**WORKING DATA**
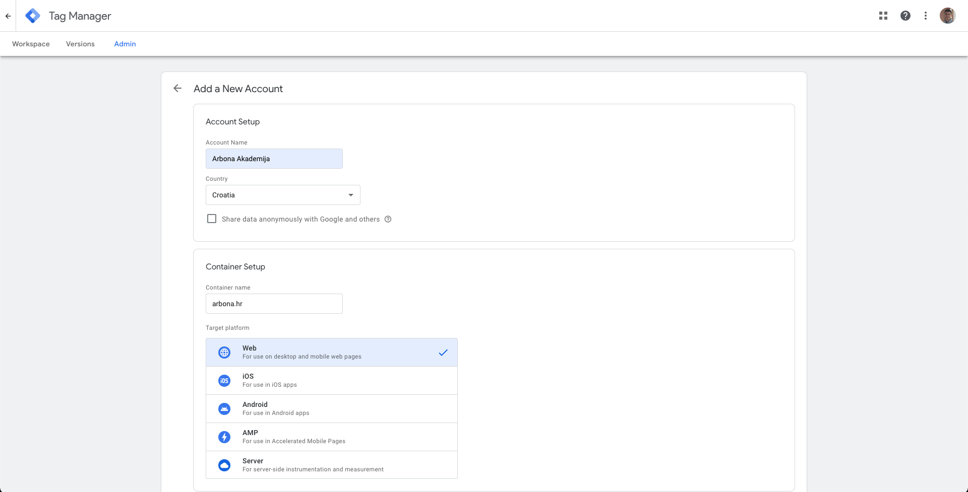https://tagmanager.google.com/ i kreirajte novi nalog. Stavite naziv Account-a koji će biti lak za pretraživanje (npr. Arbona), nazovite Container prema domenu (npr. arbona.rs) i odaberite platformu Web.
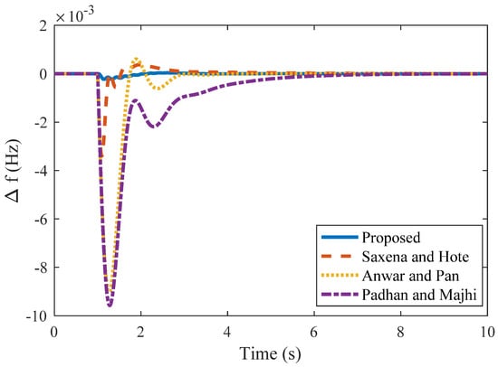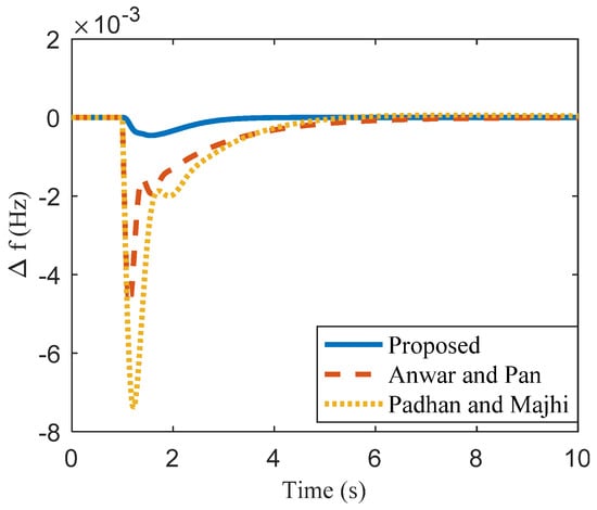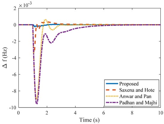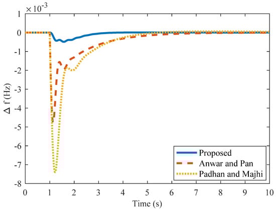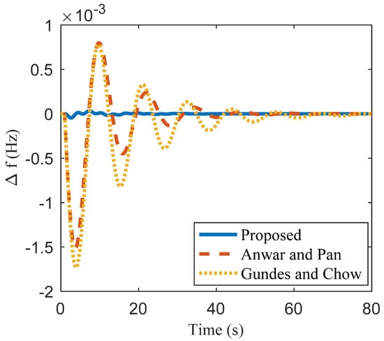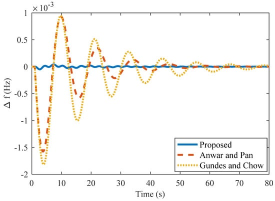 The desired IMC filter and desired load-disturbance transfer function (LDTF) model is considered with L1 = 0.3, r1 = 3, and L2 = 0.3, n2 = 3, respectively. The proposed controller via the 2DoF-IMC technique is derived as Kc(s) = 16.0328 + 4.7448 s. The obtained controller performance is observed with a unit step load (i.e., ΔPd = 0.01 p.u.) at t = 1 s in a SAPS. Figure 7 shows the frequency regulation response of the nominal system in case 2 and confirms that the proposed method has a smaller percent undershoot as well as faster transient frequency response compared against Padhan and Majhi [] and Anwar and Pan []. Figure 8 shows that the frequency regulation of the perturbed system (50% increment in Kp and Tp gain) is approximately the same as the nominal system and shows that the proposed controller via the 2DoF-IMC technique provides a better frequency response against Padhan and Majhi [] and Anwar and Pan []. The comparative analysis of the nominal along with the perturbed system is provided in Table 2. The proposed method has a superior settling time (ts), integral of square error (ISE), and smaller percent undershoot (%US) for the nominal model and perturbation in the nominal model is provided in Table 2. Frequency regulation in Figure 8 illustrates that the proposed controller utilizing 2DoF-IMC is more robust against the latest reported method.
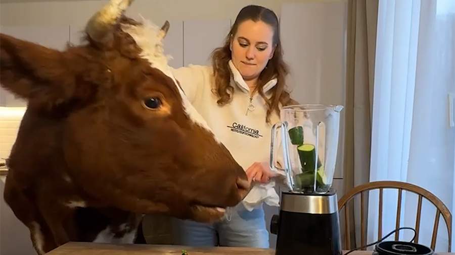 İndi inək vaxtının çox hissəsini evdə keçirir: sahibi ilə yemək yeyir, "dincəlir" və hətta yemək bişirməkdə iştirak edir.
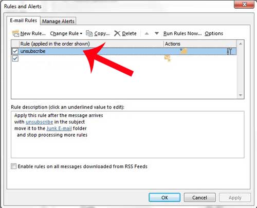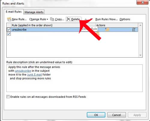 このプロセスは、Outlookからルールを完全に削除する予定です。一時的にルールを停止したい場合は、ルールの左側にあるボックスをクリックできます。ステップ3以下にチェックマークを削除します。
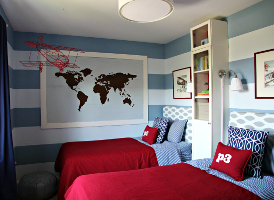I also had a little encouragement from my good friend that got me into Annie Sloan paint. She painted the same type of stripes I planned to do in her son’s room, and was super happy with them – and I think they look awesome too! I think I’ve told you about her before, but she is particular like me – so I knew messy and crooked stripes would never do for her. More on her suggestions and how I went about my project to come,but first a little more inspiration…
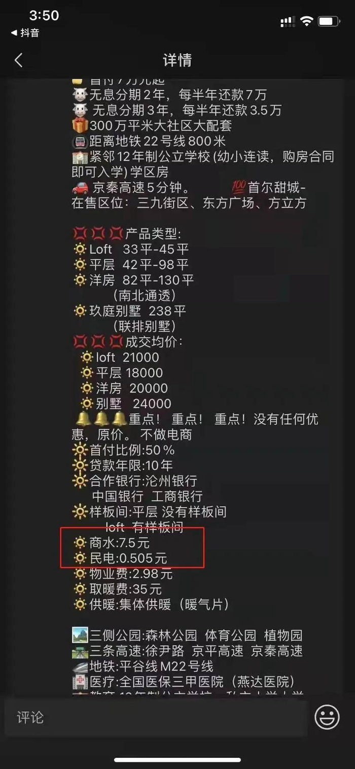 “现在涨了7分钱,后面电费是不是还要涨?涨多少?涨到什么程度为止?”刘女士非常担忧。“当时买房的时候,销售人员明明白白的告诉我们是民电商水,也发过这样的文字资料,现在才一年,性质说改就改,现在不是这7分钱的事儿了。”
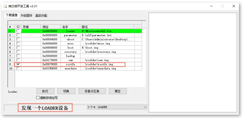 (注意: jammy-rootfs.img镜像文件的烧录起始地址应设置为0x00078000。)
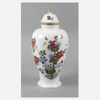 unterglasurblaue Schwertermarken nach 1934, 1. Wahl, Präge- und Pinselnummern, Deckelvase in Balusterform mit unterglasurblauem Aquatintadekor aus goldstaffiertem Blütenbukett und Insekt, dazu kleine bauchige Vase mit ”Blume 1” in polychromer Aufglasurmalerei, Goldrand der kleinen Vase berieben, H 24,5 und 6 cm.
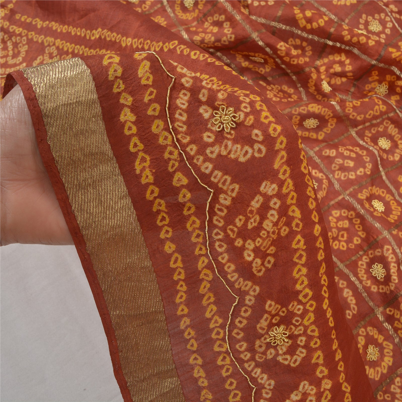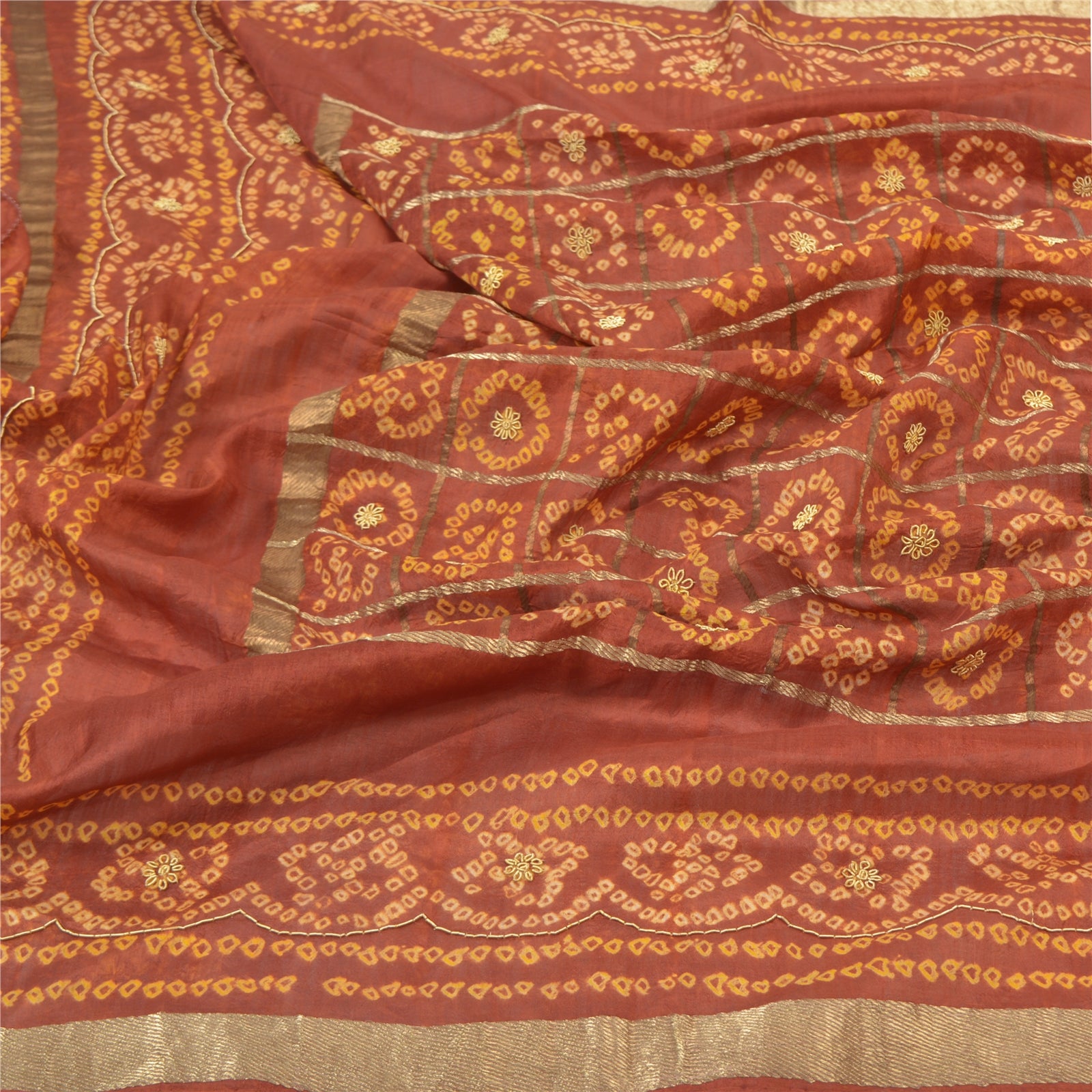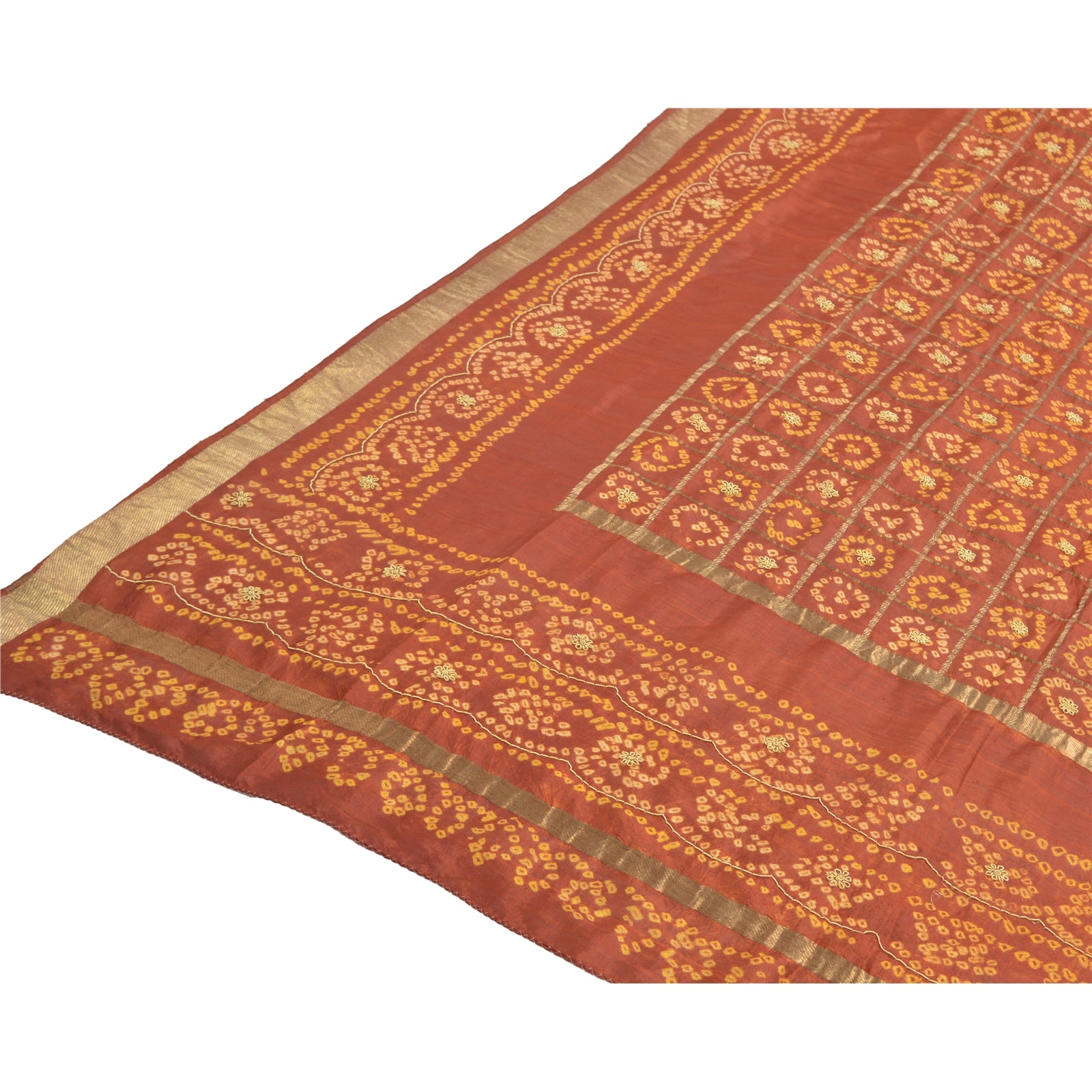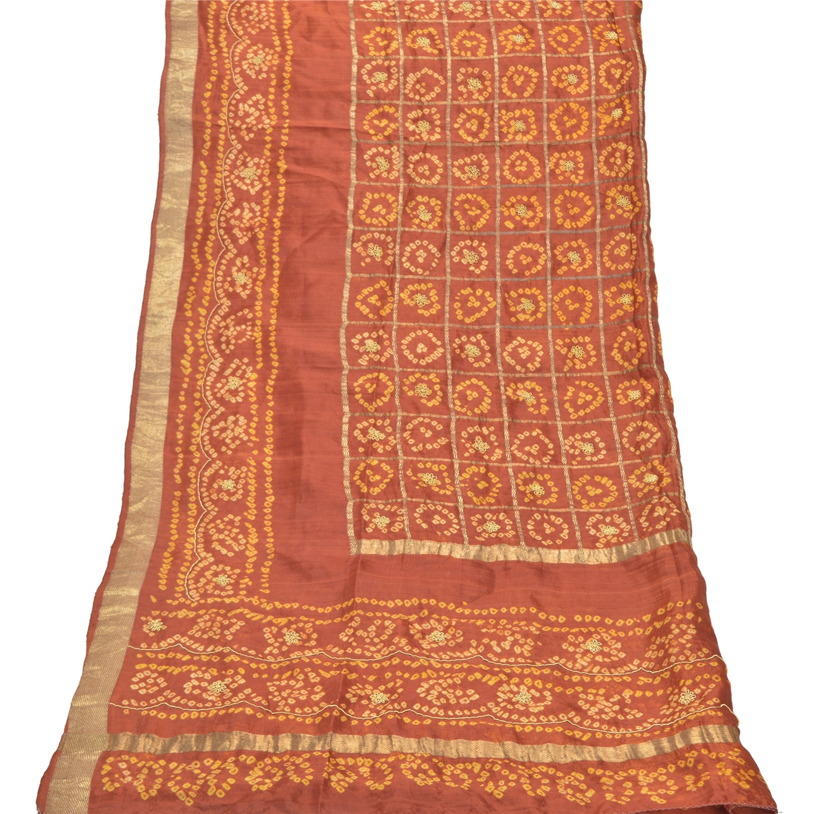 Sanskriti Vintage Heavy Dupatta Pure Silk Brown Handmade Bandhani Woven Stole
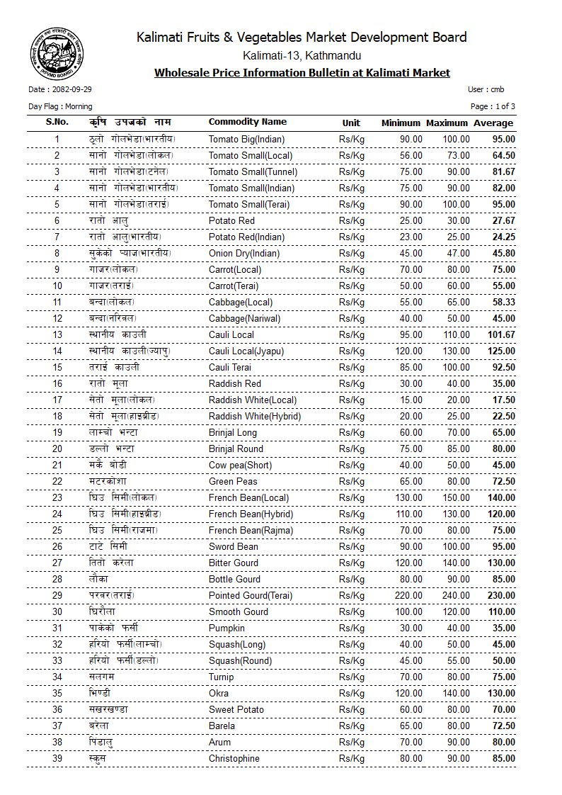 कालिमाटीमा हिजो सानो लोकल गोलभेँडा ७०, टनेलको सानो गोलभेँडा ८८, लोकल गाँजर ५६, लोकल बन्दा ५५, स्थानीय काउली ९३, लाम्चो भन्टा ७५, डल्ले भन्टा ८५, मकै बोडी ४५ रुपैयाँ प्रतिकिलो थियो।
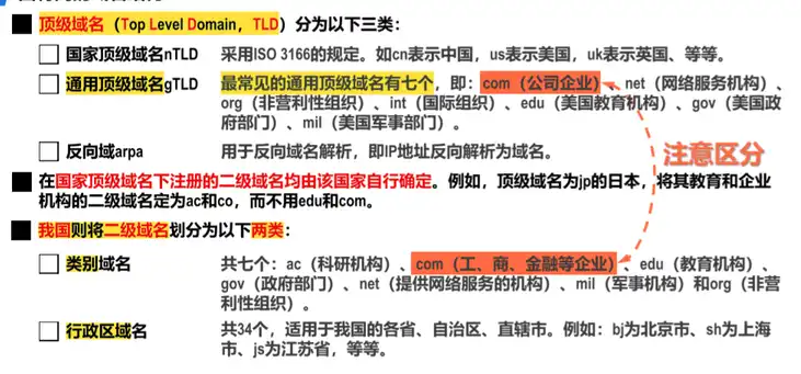• 各级域名由其上一级的域名管理机构管理,而最高的顶级域名则由因特网名称与数字地址分配机构ICANN进行管理
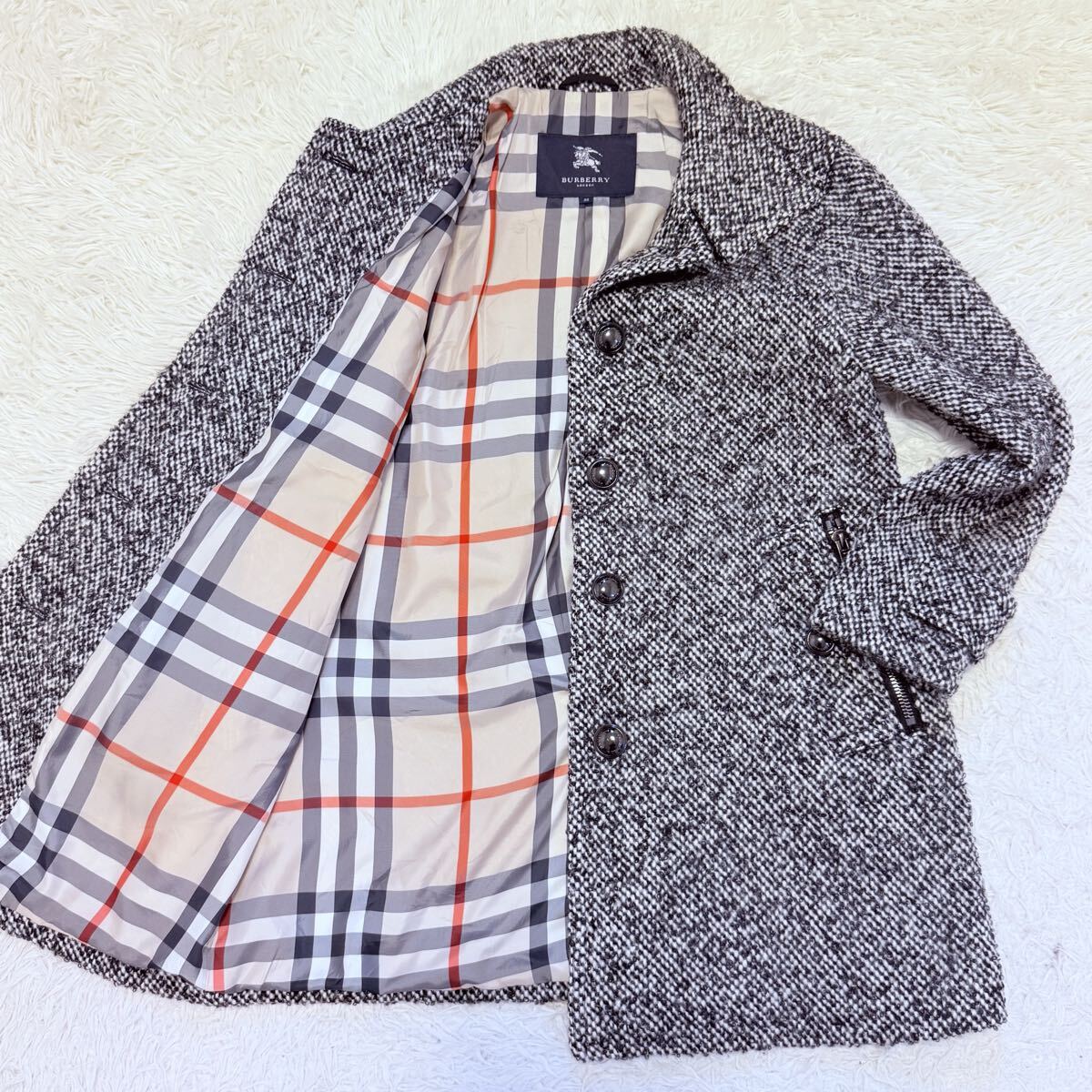 > 【美品】BURBERRY LONDON ツイード ウール ステンカラーコート ノバチェック メガチェック レディース グレー Mサイズ

**YOUR INSTRUCTIONS**
The expected output is an exact copy of the lines from the one holding "Sanskriti Vintage Heavy" through the last line of the listing above, with the pictures omitted.

**OUTPUT FOR THIS EXERCISE**
 Sanskriti Vintage Heavy Dupatta Pure Silk Brown Handmade Bandhani Woven Stole
 कालिमाटीमा हिजो सानो लोकल गोलभेँडा ७०, टनेलको सानो गोलभेँडा ८८, लोकल गाँजर ५६, लोकल बन्दा ५५, स्थानीय काउली ९३, लाम्चो भन्टा ७५, डल्ले भन्टा ८५, मकै बोडी ४५ रुपैयाँ प्रतिकिलो थियो।
• 各级域名由其上一级的域名管理机构管理,而最高的顶级域名则由因特网名称与数字地址分配机构ICANN进行管理
 > 【美品】BURBERRY LONDON ツイード ウール ステンカラーコート ノバチェック メガチェック レディース グレー Mサイズ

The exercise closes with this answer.